One thought on “Is the Emperor Naked Again?

  1. I would characterize this work as an excellent example of the French « I f@rt in your general direction » school of art.

    “I threw the bottle rack and the urinal into their faces as a challenge,” our brave artist declared, “and now they admire them for their aesthetic beauty.”

    So this “ready-made” art was a prank. I suppose art curators, critics, and deep-pocketed patrons know it’s a prank, but the truth is, they are so bored with talking about the great masters, over and over again, that they’ve decided to embrace it, defend it, promote it, and come up with all sorts of hilarious nonsense to explain it, to wit:

    “Duchamp may not have created this bottle rack, but he did displace it and disallow it to function. Bottle Rack never received its bottles, thus its empty phallic spikes may be seen to sexually represent the bachelor status Duchamp was interested in and explored in many of his works, including the famous Large Glass. As Schwarz observes, “the obvious sexual (namely phallic) symbolism of this work need not be emphasized…” (189). The phallic nature of this piece is universally accepted, as Seigel calls its “waiting for wet bottles to be hung on its prongs… obviously, laughably Freudian” (126).”

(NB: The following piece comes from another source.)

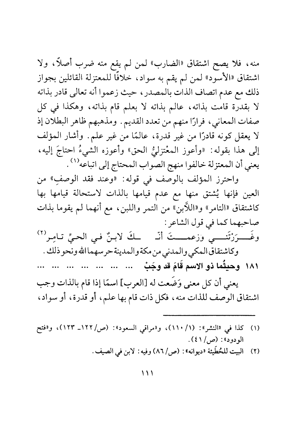 اشتقاق الوصف للذات منه، فكل ذات قام بها علم، أو قدرة، أو سواد،
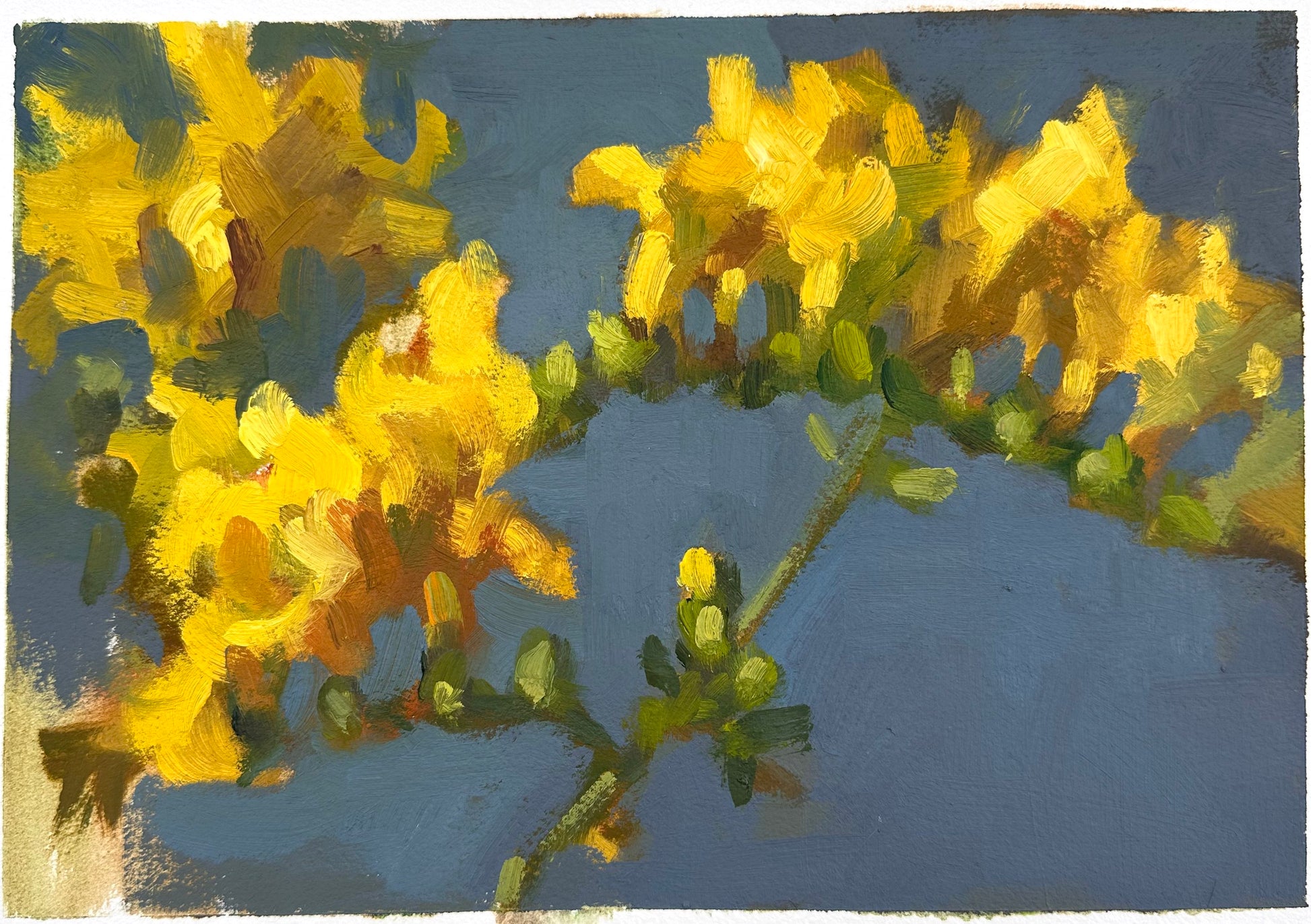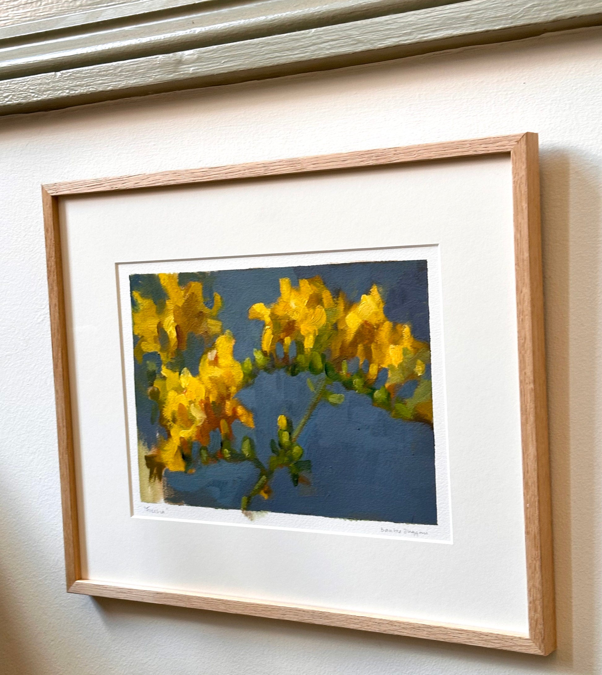 Yellow freesias with a vibrant blue-green background. A perfect companion to the other painting of hers in Clare Street, showing freesias picked and dropped into a glass vase. Bairbre is renowned for her still life paintings of flowers, as well landscapes and portraits.

    We see a similar phenomenon in literature. Everything that can possibly be written about Shakespeare has been written and re-written, taught and re-taught to the point where no one can take it anymore, so we have new and contrived literary analyses from deconstruction to gender theory, the more impenetrable the better, to keep intellectuals busy carping at each other.

    Of course the emperor isn’t wearing clothes. But why let on when you can get much more of a frisson from ogling a naked emperor?